Formation of the fertilization membrane
      The most spectacular changes that follow fertilization occur at the egg surface. The best known example, that of the sea urchin egg, is described below. An immediate response to fertilization is the raising of a membrane, called a vitelline membrane, from the egg surface. In the beginning the membrane is very thin; soon, however, it thickens, develops a well-organized molecular structure, and is called the fertilization membrane. At the same time an extensive rearrangement of the molecular structure of the egg surface occurs. The events leading to formation of the fertilization membrane require about one minute.

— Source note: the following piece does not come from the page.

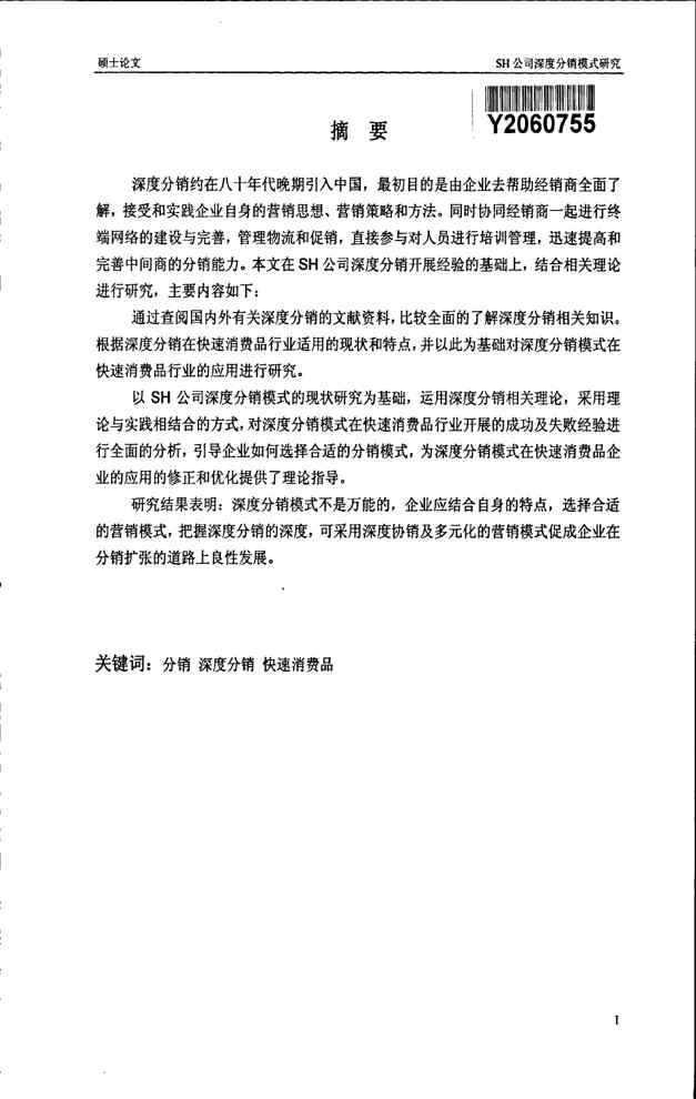 本站资深用户发布了最新的《SH公司深度分销模式研究》文档,以下内容为预览,详细内容可下载阅读。 声明:本站所有文章,如无特殊说明或标注,均为本站原创发布。任何个人或组织,在未征得本站同意时,禁止复制、盗用、采集、发布本站内容到任何网站、书籍等各类媒体平台。如若本站内容侵犯了原著者的合法权益,可联系我们进行处理。

      At the point on the outer surface of the sea urchin egg at which a spermatozoan attaches, the thin vitelline membrane becomes detached. As a result the membranes of the cortical granules come into contact with the inner aspect of the egg's plasma membrane and fuse with it, the granules open, and their contents are extruded into the perivitelline space; i.e., the space between the egg surface and the raised vitelline membrane. Part of the contents of the granules merge with the vitelline membrane to form the fertilization membrane; if fusion of the contents of the cortical granules with the vitelline membrane is prevented, the membrane remains thin and soft. Another material that also derives from the cortical granules covers the surface of the egg to form a transparent layer, called the hyaline layer, which plays an important role in holding together the cells (blastomeres) formed during division, or cleavage, of the egg. The plasma membrane surrounding a fertilized egg, therefore, is a mosaic structure containing patches of the original plasma membrane of the unfertilized egg and areas derived from membranes of the cortical granules. The events leading to the formation of the fertilization membrane are accompanied by a change of the electric charge across the plasma membrane, referred to as the fertilization potential, and a concurrent outflow of potassium ions (charged particles); both of these phenomena are similar to those that occur in a stimulated nerve fibre. Another effect of fertilization on the plasma membrane of the egg is a several-fold increase in its permeability to various molecules; this change may be the result of the activation of some surface-located membrane transport mechanism.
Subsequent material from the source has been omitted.